[WORK TO COMPLETE] In the listing below, locate the line with "之后在青协成员的带领下,同学" and the line with "为帮助学生树立正确的劳动信念", then output both and everything between them exactly, minus any pictures.

#### DATA LISTING

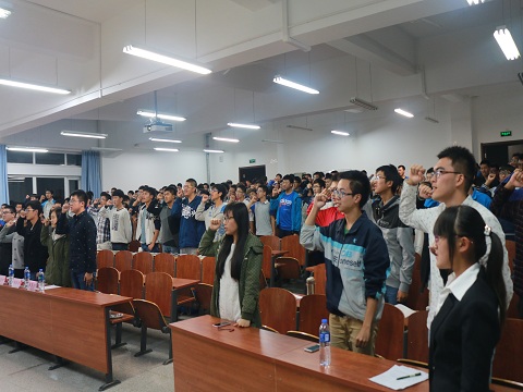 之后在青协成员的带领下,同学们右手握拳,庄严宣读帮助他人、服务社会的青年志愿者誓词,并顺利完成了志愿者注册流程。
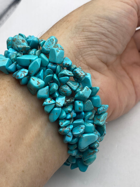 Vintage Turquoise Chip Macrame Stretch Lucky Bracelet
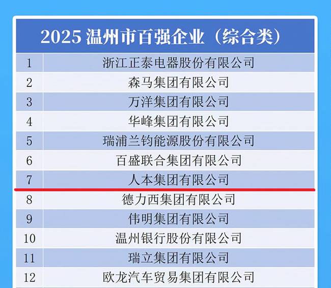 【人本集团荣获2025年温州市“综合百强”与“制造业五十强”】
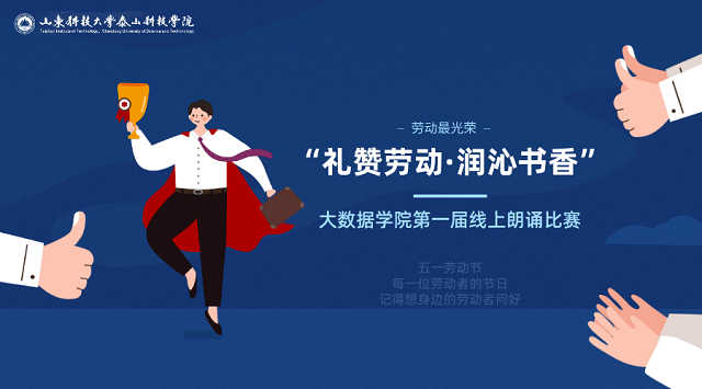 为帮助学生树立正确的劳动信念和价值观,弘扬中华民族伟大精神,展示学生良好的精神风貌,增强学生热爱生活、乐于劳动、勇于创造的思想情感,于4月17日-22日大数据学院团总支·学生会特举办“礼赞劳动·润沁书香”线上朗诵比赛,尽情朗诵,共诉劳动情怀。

########
#### DATA LISTING

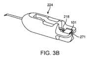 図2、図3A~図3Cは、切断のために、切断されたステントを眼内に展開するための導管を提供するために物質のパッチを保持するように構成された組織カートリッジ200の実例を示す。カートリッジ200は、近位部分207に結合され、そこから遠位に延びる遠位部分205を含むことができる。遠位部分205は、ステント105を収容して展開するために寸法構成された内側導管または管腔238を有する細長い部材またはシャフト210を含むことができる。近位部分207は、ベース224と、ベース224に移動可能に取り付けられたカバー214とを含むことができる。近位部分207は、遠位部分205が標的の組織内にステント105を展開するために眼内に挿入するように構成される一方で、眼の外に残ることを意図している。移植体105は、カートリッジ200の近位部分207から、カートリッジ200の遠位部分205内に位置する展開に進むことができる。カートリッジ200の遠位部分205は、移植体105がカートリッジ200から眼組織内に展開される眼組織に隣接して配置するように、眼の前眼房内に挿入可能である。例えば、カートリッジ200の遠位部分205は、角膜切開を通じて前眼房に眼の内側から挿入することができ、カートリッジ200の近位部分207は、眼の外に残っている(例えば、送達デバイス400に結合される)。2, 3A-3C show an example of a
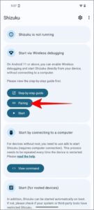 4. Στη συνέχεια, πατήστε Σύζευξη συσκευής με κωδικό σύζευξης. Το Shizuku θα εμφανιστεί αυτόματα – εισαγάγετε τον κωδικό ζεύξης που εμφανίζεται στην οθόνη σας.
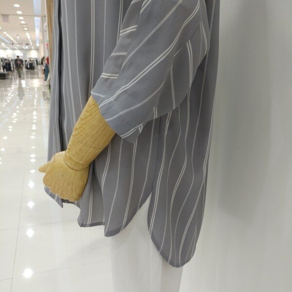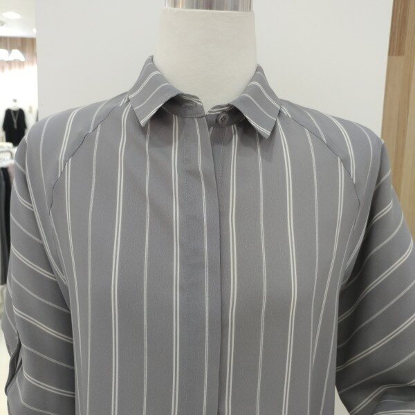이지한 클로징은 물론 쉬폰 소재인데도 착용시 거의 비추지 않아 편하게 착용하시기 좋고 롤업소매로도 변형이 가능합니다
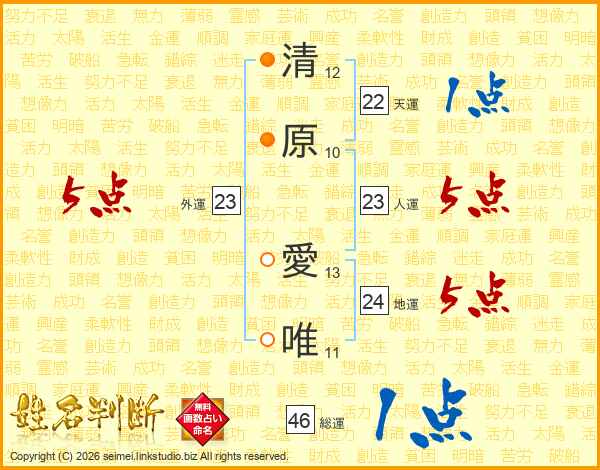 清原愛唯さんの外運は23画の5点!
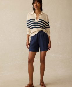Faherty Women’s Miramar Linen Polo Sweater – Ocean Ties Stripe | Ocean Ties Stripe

########

[ANSWER]
 之后在青协成员的带领下,同学们右手握拳,庄严宣读帮助他人、服务社会的青年志愿者誓词,并顺利完成了志愿者注册流程。
 Vintage Turquoise Chip Macrame Stretch Lucky Bracelet
 【人本集团荣获2025年温州市“综合百强”与“制造业五十强”】
 为帮助学生树立正确的劳动信念和价值观,弘扬中华民族伟大精神,展示学生良好的精神风貌,增强学生热爱生活、乐于劳动、勇于创造的思想情感,于4月17日-22日大数据学院团总支·学生会特举办“礼赞劳动·润沁书香”线上朗诵比赛,尽情朗诵,共诉劳动情怀。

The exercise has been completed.